- The SEC is investigating Elon Musk’s late disclosure of his Twitter stake, per The Wall Street Journal.
- After buying up more than 5% of Twitter stock Musk should have filed a disclosure on March 24.
- He filed on April 4, meaning he may have benefitted from buying up cheaper shares in the meantime.
The Securities and Exchange Commission (SEC) is investigating Elon Musk over his disclosure of buying up Twitter shares ahead of announcing he wanted to buy the company, The Wall Street Journal reports.
Sources familiar with the matter told The Journal the SEC is probing Musk over his late submission of a form investors need to file when they purchase more than 5% of a company’s shares.

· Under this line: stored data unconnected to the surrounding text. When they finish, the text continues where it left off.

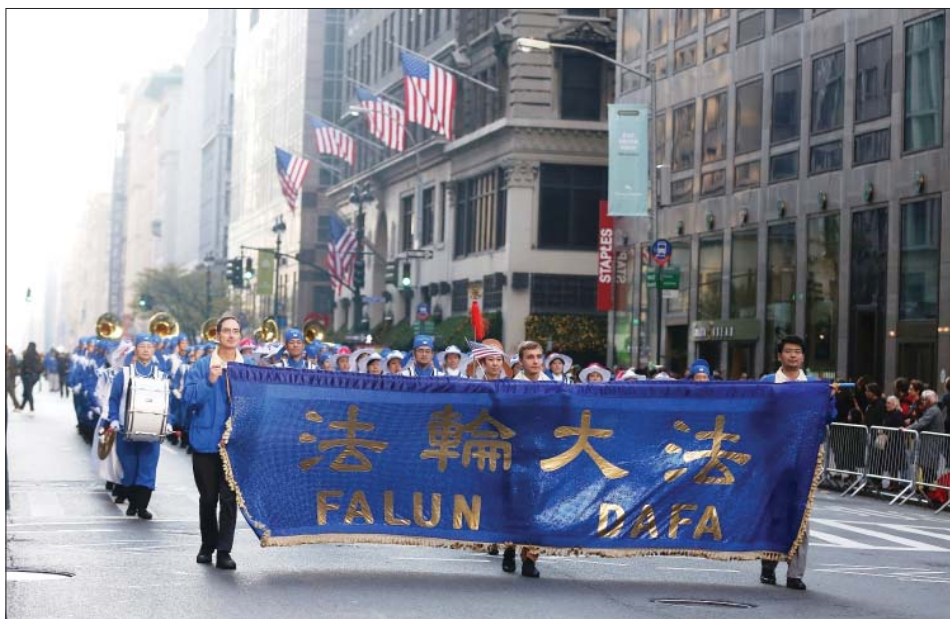
图：二零一二年纽约老兵节游行中法轮功学员的队伍

法轮功学员的队伍由天国乐团、仙女队、功法演示队和腰鼓队四个方阵组成。队伍阵容整齐，服饰亮丽，成为游行中一道独特的风景线。天国乐团奏响一曲辉煌的“法轮圣王”开道，仙女们身着典雅的唐装，手提着镶有金字“真善忍”的七彩大灯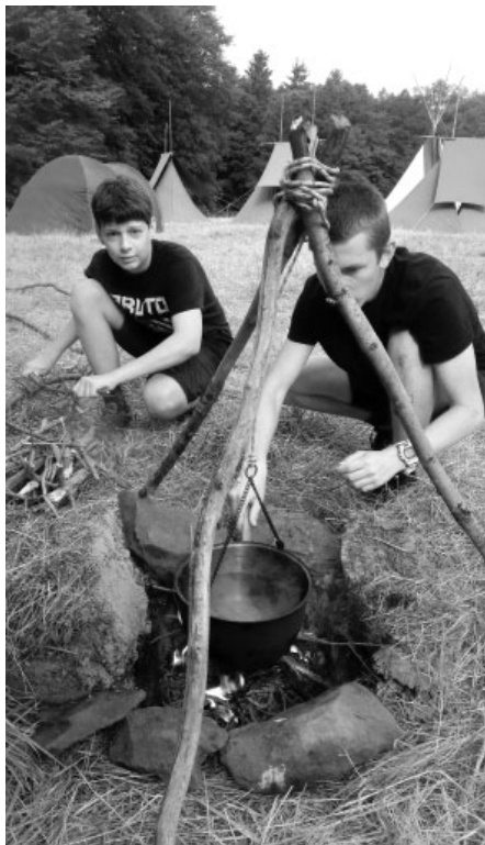
Guláš je nikdy neurážející dobrota. Ale kotlíkový guláš, to je delikatesa! Od našich Vlků dvojnásobná.

V polovině táboření se koná tradiční Sněm kmene s volbou nového náčelnictva, příznávaním Orlich per za vykonané činy dle Svitku březové kůry a povyšování do vyšších titulů lesní moudrosti. Letos byl udělen hned čtyřikrát titul Stopař. Také došlo na přijímání nových členů do kmene Vlků. Sněmu se zúčastnilo padesát Vlků a rodičů mladších členů, přišel i majitel louky se svým ukulele a potěšil nás spoustou písniček klasických trempsých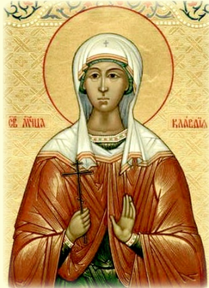
Ἡ Ἁγία Μάρτυς Κλαυδία, ἡ ἐν Ἀγκύρᾳ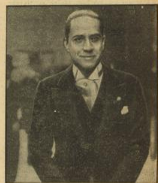
Der neue italienische Außenminister, Graf Galeazzo Ciano, wurde im Zuge einer teilweisen Umgestaltung der italienischen Regierung mit der Führung des Außenministeriums betraut.

Weise sein Bedauern darüber ausdrückte, daß die Staatsanwaltschaft sich nicht entschlossen habe, die Angelegenheit weiter zu verfolgen. Nur auf diesem Wege wäre ihm die Möglichkeit gegeben, seine Unschuld zu beweisen. Gegen den Spruch des Sondergerichts gebe es keine Revision.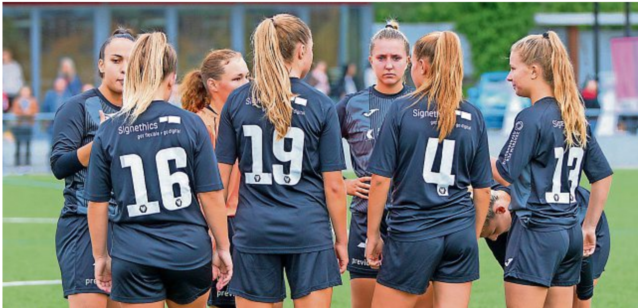
Sie sind jung und siegeshungrig: Die Frauen des FC Aarau sind bereit für die Rückrunde.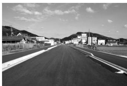
県道奥佐々阪井線（野鉄代替道路・小畑地区）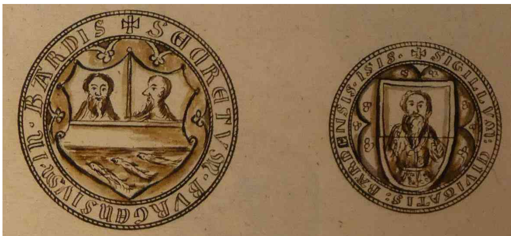
Ryc. 1. Rysunki rzekomych pieczęci Barth ze zbioru J. K. K. Oelrichsa.

Oczywiście bezsprzecznie wiarygodne są te odrisy, które przedstawiają pieczęć znaną z reprodukcji lakowych, czy oryginalnych odcisków, nawet jeśli są obarczone niewielkim błędem w pomiarze średnicy, czy drobną różnicą w zapisie legendy otokowej. W przypadku rysunków nieznanymi nam skądinąd pieczęci, musimy zachować szczególną ostrożność. Z całą pewnością należy odrzucić te, które zawierają błędy formalne, takie jak niedopasowanie stylistyczne inskrypcji napieczętej i wizerunku w polu pieczęci. Przykładem tego mogą być rysunki domniemanych pieczęci miasta Barth stworzone przez Johanna K. K. Oelrichsa, na których widzimy inskrypcję zapisaną majuskułą gotycką (wskazującą na XIII-XIV wiek) połączoną z renesansową tarczą gotycką lub z zapisem legendy wskazującym na rok 1518, jako na datę wytworzenia tłoka (zob. ryc. 1).

Musk filed the form at least ten days after the date when he was supposed to, The Journal reports.
Musk disclosed on April 4 that he had bought up a 9.2% stake in Twitter, sending the social-media company’s shares soaring by almost 25%.
According to SEC rules, he should have filed his disclosure by March 24, The Journal reports.
By not reporting that he’d bought a more than 5% stake in time he potentially saved $143 million. This is because if public investors had known earlier that Musk was buying up stock, the share price may have gone up, University of Pennsylvania accounting professor Daniel Taylor told The Journal.
A Twitter shareholder filed a lawsuit against Musk on April 12, which claimed that investors would have made significant gains between March 24 and April 4 if he had reported his disclosure on time.
Even if the SEC brought a lawsuit against Musk it would be unlikely to upset the deal closing, The Journal reports.
The SEC did not immediately respond to Insider’s request for comment made outside of normal working hours.